* _WHAT IS EXPECTED_
All lines from the top of the records below through the line holding "Today we woke", and only those, should be printed exactly, minus the pictures.

* _SUPPLIED RECORDS_
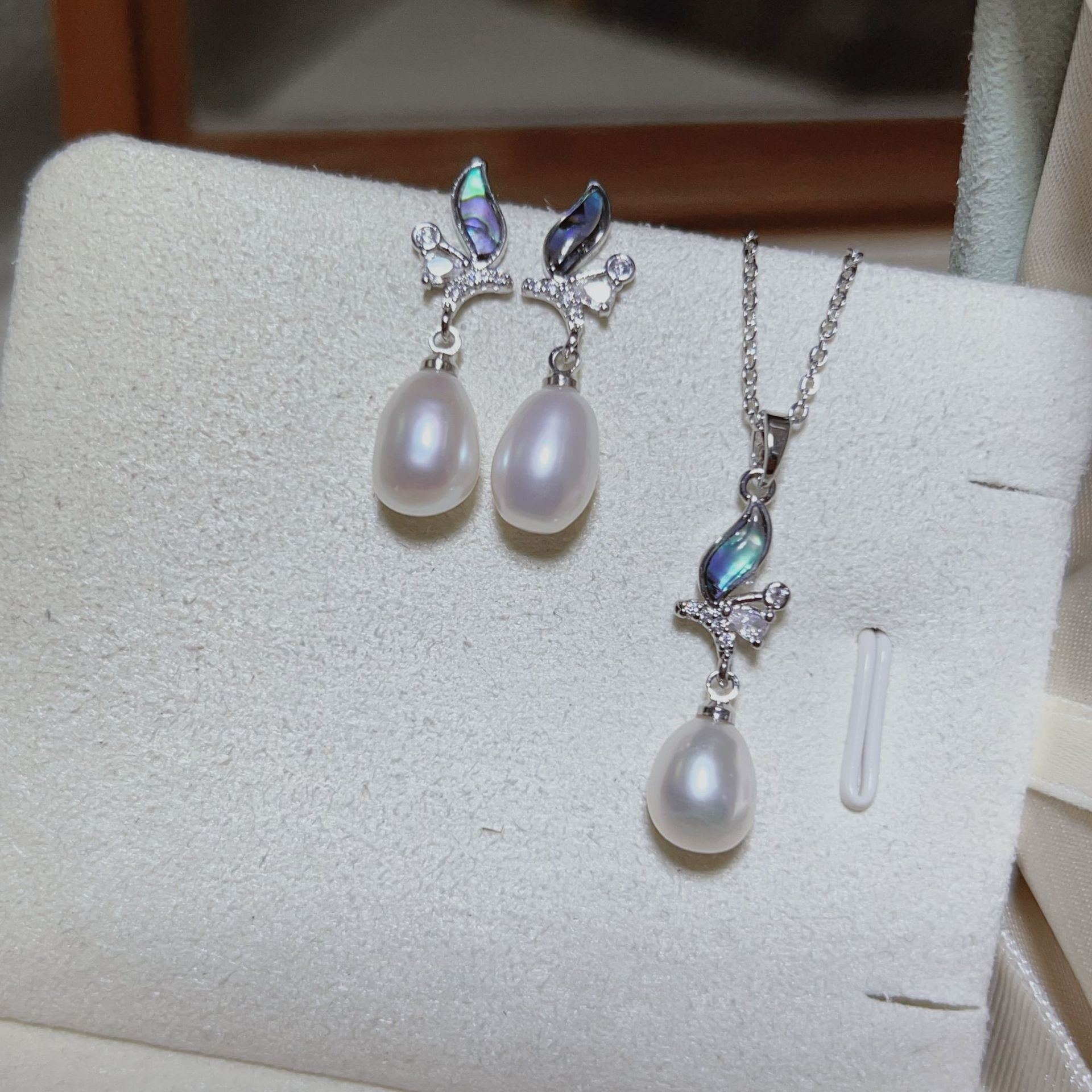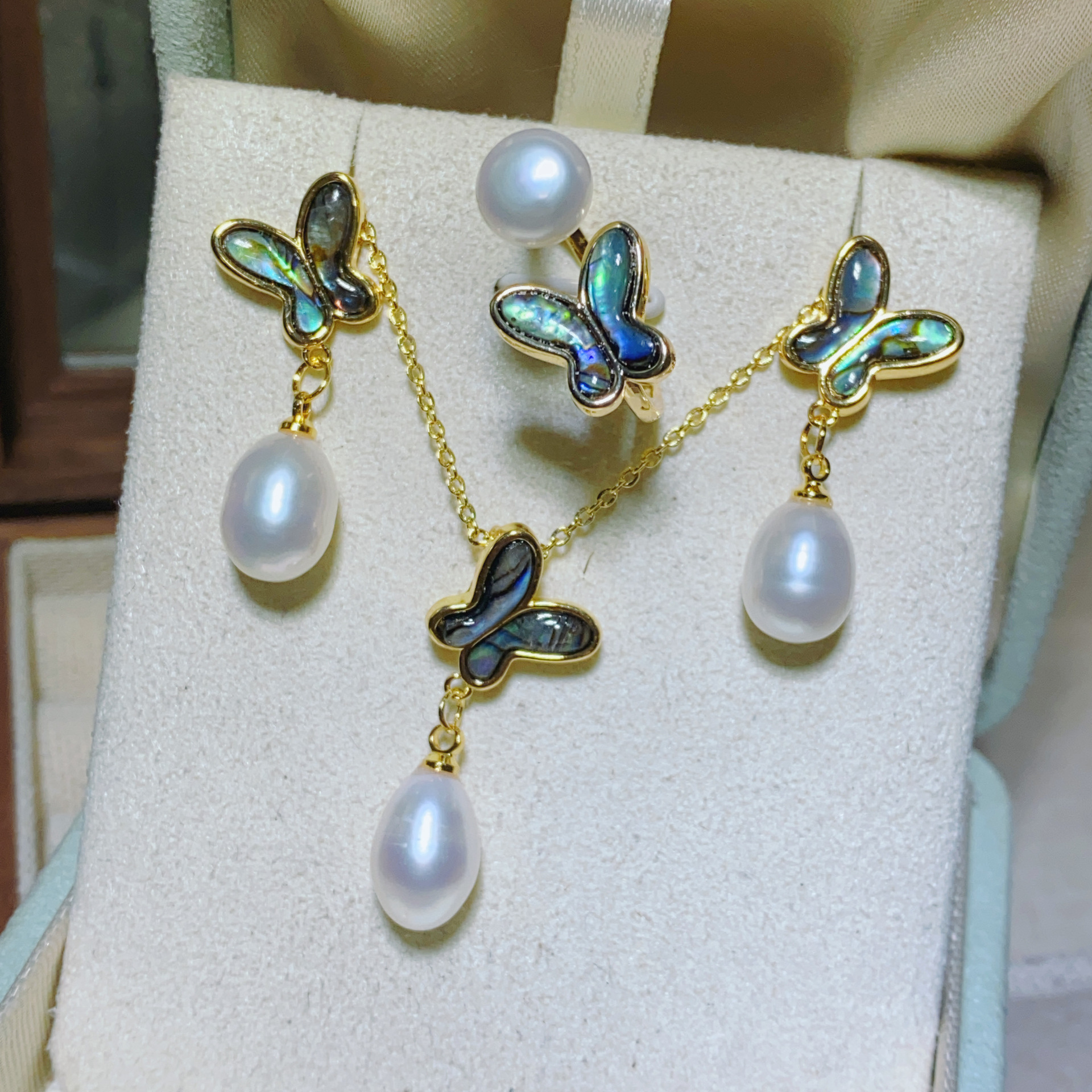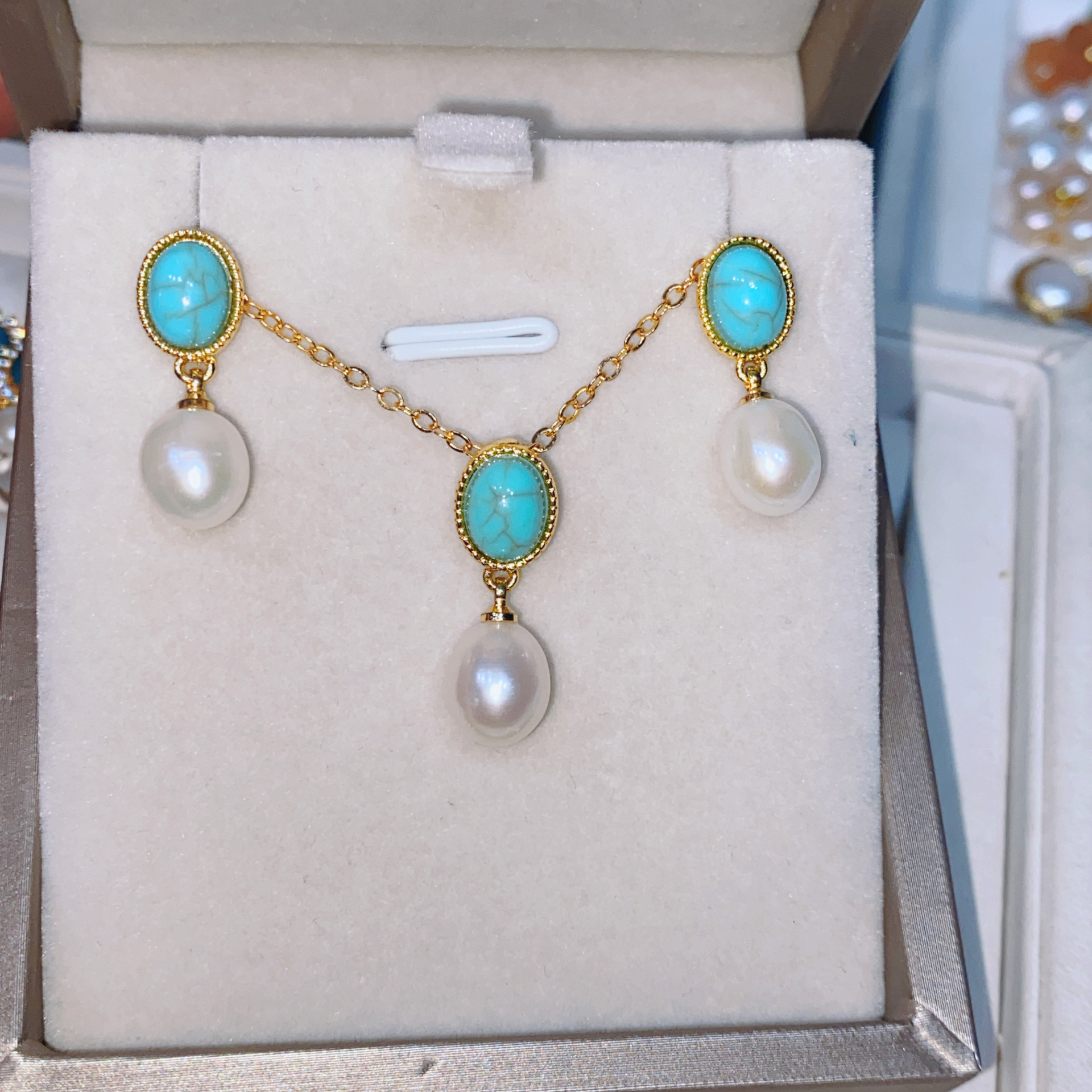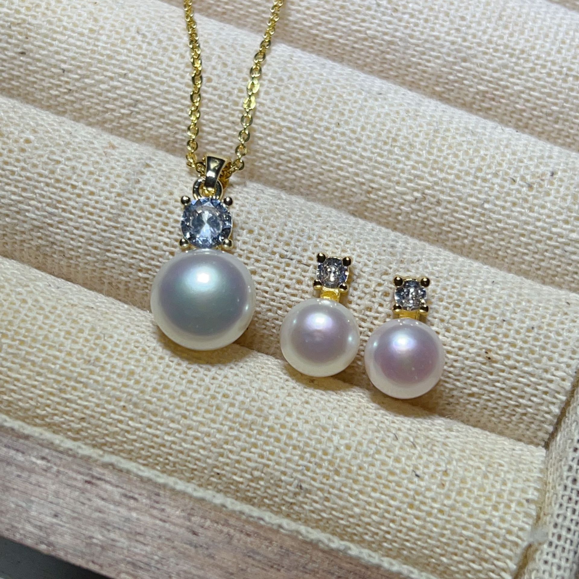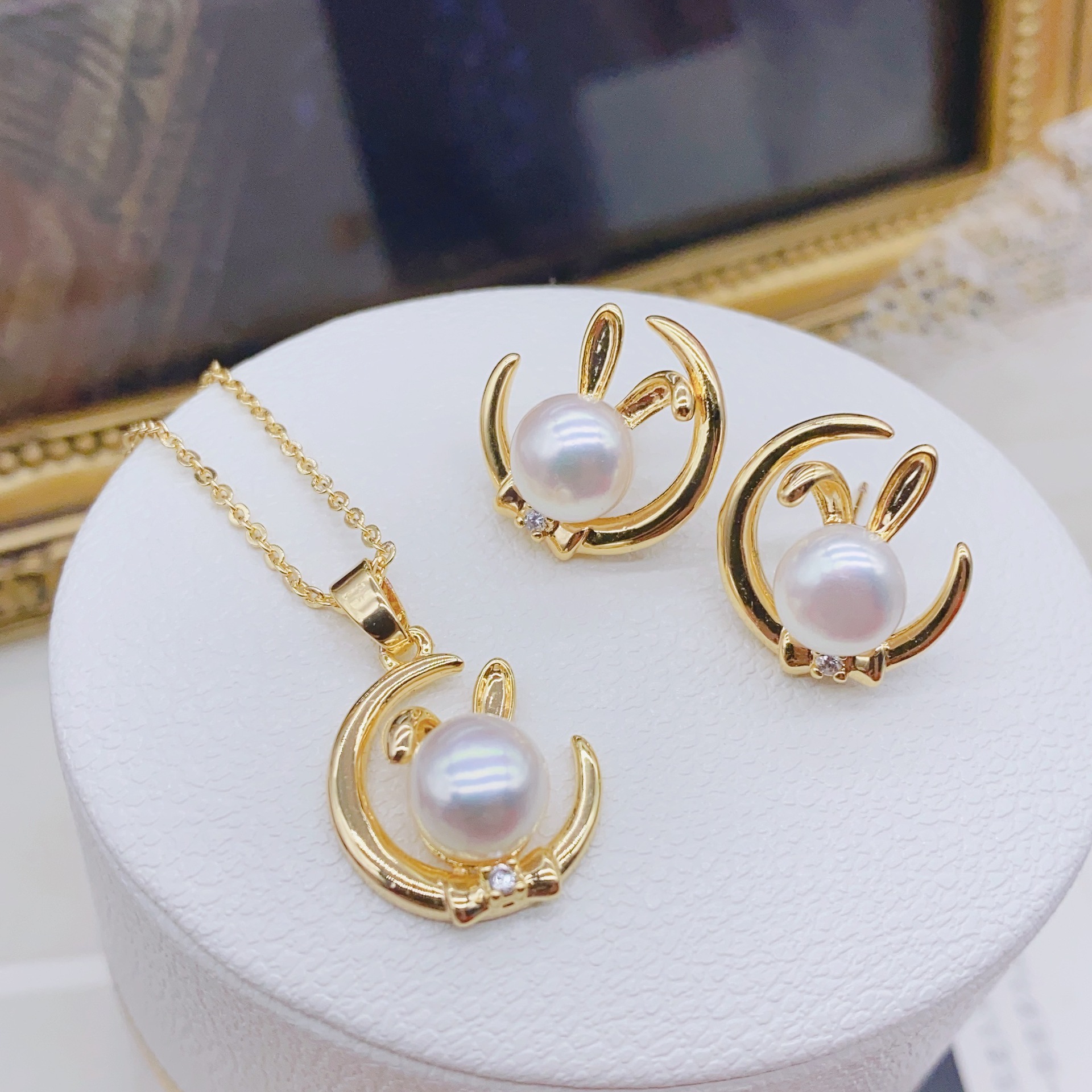 S925 серебряная игла позолоченный новый летний жемчуг набор натуральный пресноводный жемчуг милый зверек серьги ожерелье
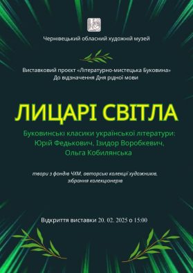 І саме на відкриття однойменної виставки «ЛИЦАРІ СВІТЛА. Буковинські класики української літератури: Юрій Федькович, Ізидор Воробкевич, Ольга Кобилянська» запрошує чернівчан та гостей міста Відділ маркетингу, розвитку та комунікацій Чернівецького обласного художнього музею.
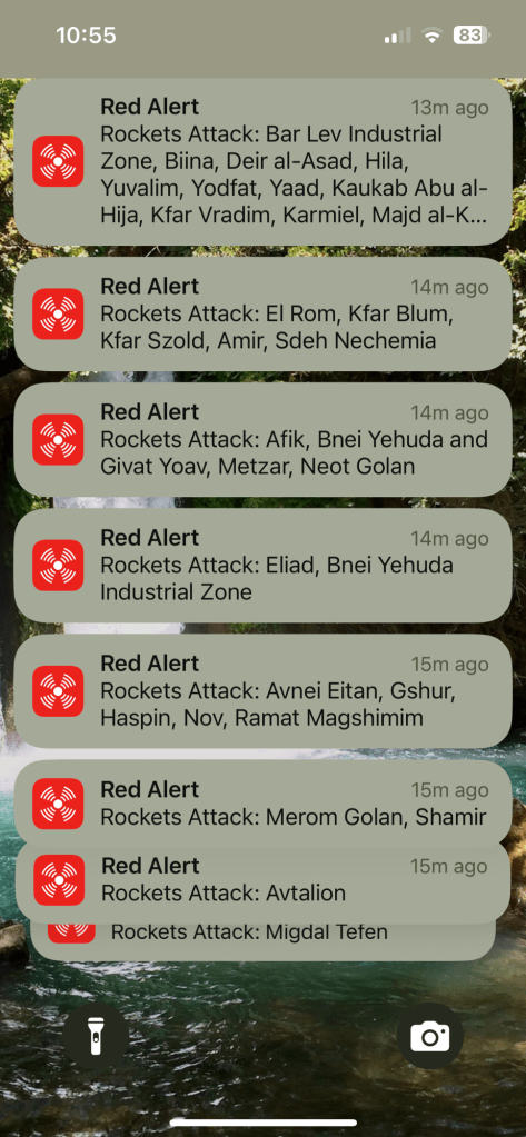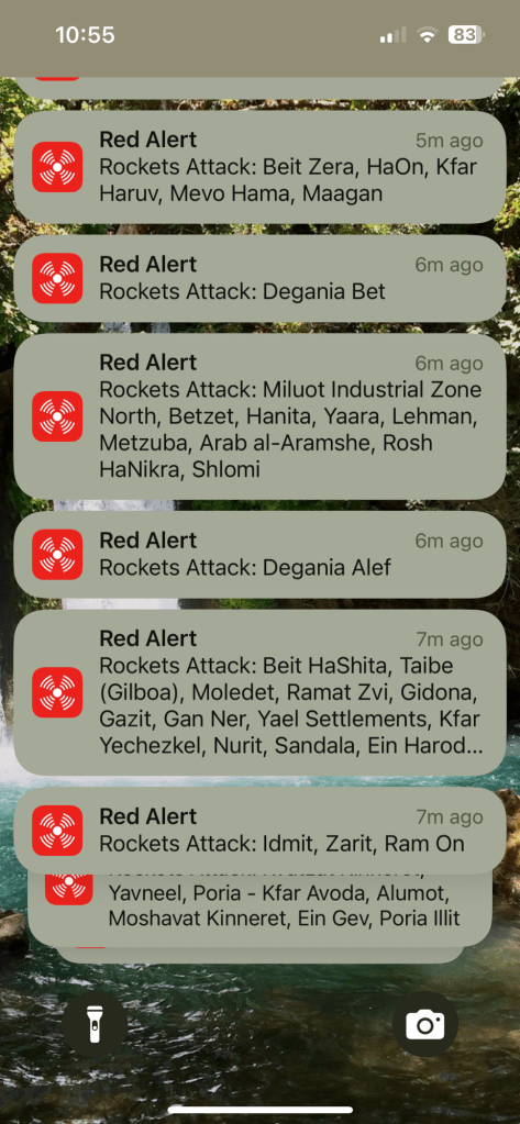 Today we woke up to another early alarm. It was a large barrage accompanied by the news of Trump and the US aid the military gave to strike the nuclear powerhouses that we couldn’t reach. I’m actually really glad that threat has been neutralized and pray it will not lead to anything larger. In the meantime,
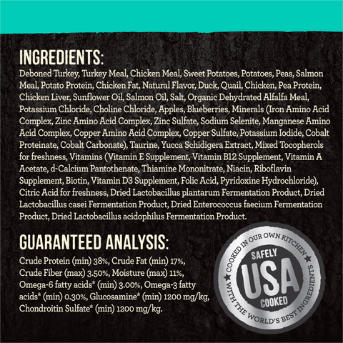 Deboned Turkey, Turkey Meal, Chicken Meal, Sweet Potatoes, Potatoes, Peas, Chicken Fat, Pea Protein, Salmon Meal, Duck, Natural Flavor, Chicken, Chicken Liver, Tapioca, Dried Yeast, Potassium Chloride, Salt, Salmon Oil, Choline Chloride, Minerals (Zinc Amino Acid Complex, Iron Amino Acid Complex, Sodium Selenite, Manganese Amino Acid Complex, Copper Amino Acid Complex, Calcium Iodate), DL-Methionine, Taurine, Vitamins (Vitamin E Supplement, Vitamin B12 Supplement, Vitamin A Supplement, Niacin, Thiamine Mononitrate, Riboflavin Supplement, D-Calcium Pantothenate, Folic Acid, Menadione Sodium Bisulfite Complex, Biotin, Pyridoxine Hydrochloride, Vitamin D3 Supplement), Mixed Tocopherols for Freshness. 2C37072
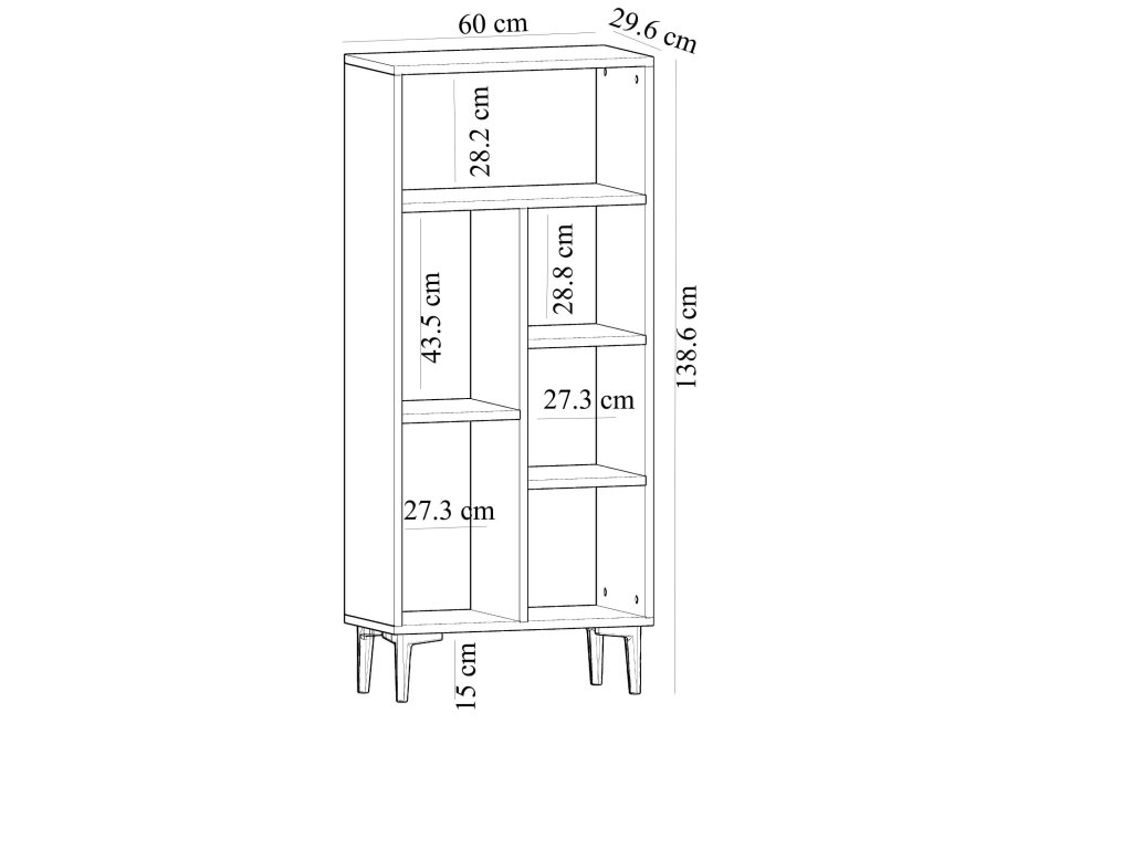 S rozměry 138,6 x 60 x 29,6 cm je knihovna navržena tak, aby efektivně využívala prostor, aniž by ho zbytečně zahlcovala. Vyrobena z kvalitního LTD materiálu, který zajišťuje dlouhou životnost a pevnost. Plastové nožičky dodávají stabilitu a chrání podlahu před poškrábáním.
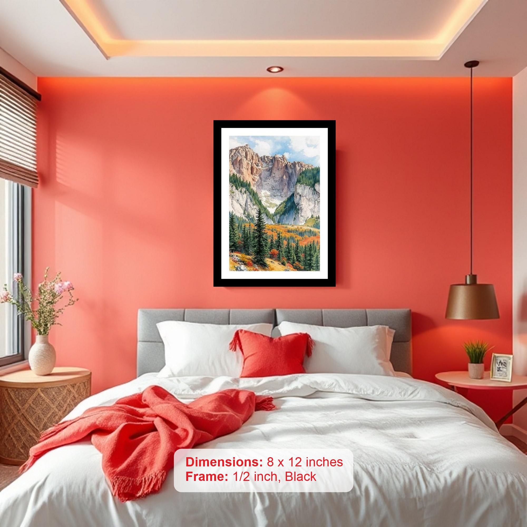 Capture the serene beauty of nature with our exquisitely framed digital reprint of a captivating mountain landscape painting. This stunning piece of art transports you to the foot of a majestic mountain, where lush greenery carpets the foreground, creating a vibrant contrast against the towering peaks in the distance. The artist's masterful brushstrokes and carefully chosen color palette evoke a sense of tranquility and awe, bringing the grandeur of the natural world into your home. Every detail, from the delicate textures of the foliage to the subtle variations in the mountain's rugged terrain, has been meticulously reproduced to capture the essence of the original artwork. Printed on high-quality archival paper with fade-resistant inks, this digital reprint ensures lasting vibrancy and clarity for years to come. Encased in an elegant and durable frame, this artwork is ready to hang and instantly elevate any living space. Whether you're looking to add a touch of natural beauty to your living room, bedroom, office, or entryway, this framed mountain landscape is a perfect choice. Its timeless appeal and calming presence make it an ideal focal point, sparking conversation and inspiring a sense of peace and wonder. Bring the breathtaking beauty of the mountains into your life and create a soothing atmosphere with this exceptional piece of framed art, a visual escape to the heart of nature's splendor, perfect for nature lovers and art enthusiasts alike.
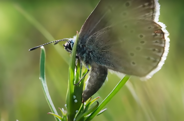 Начинается всё очень традиционно: после спаривания самка отправляется на поиски наиболее удачного места для того, чтобы отложить яйца. Вот только ищет она, в первую очередь, не определённый вид растений или безопасный уголок – ищет она муравейник, рядом с которым найдутся бобовые или горечавковые растения, пригодные в пищу для её гусениц. На первое время. Отложив яйца, она оправляется на родные луга, беззаботно порхать вокруг цветочков – столько, сколько ей осталось. Её участие в грядущем мошенничестве косвенное – основная работа по обману муравьиного населения придётся на долю её детей.

* _OUTPUT BELOW_
 S925 серебряная игла позолоченный новый летний жемчуг набор натуральный пресноводный жемчуг милый зверек серьги ожерелье
 І саме на відкриття однойменної виставки «ЛИЦАРІ СВІТЛА. Буковинські класики української літератури: Юрій Федькович, Ізидор Воробкевич, Ольга Кобилянська» запрошує чернівчан та гостей міста Відділ маркетингу, розвитку та комунікацій Чернівецького обласного художнього музею.
 Today we woke up to another early alarm. It was a large barrage accompanied by the news of Trump and the US aid the military gave to strike the nuclear powerhouses that we couldn’t reach. I’m actually really glad that threat has been neutralized and pray it will not lead to anything larger. In the meantime,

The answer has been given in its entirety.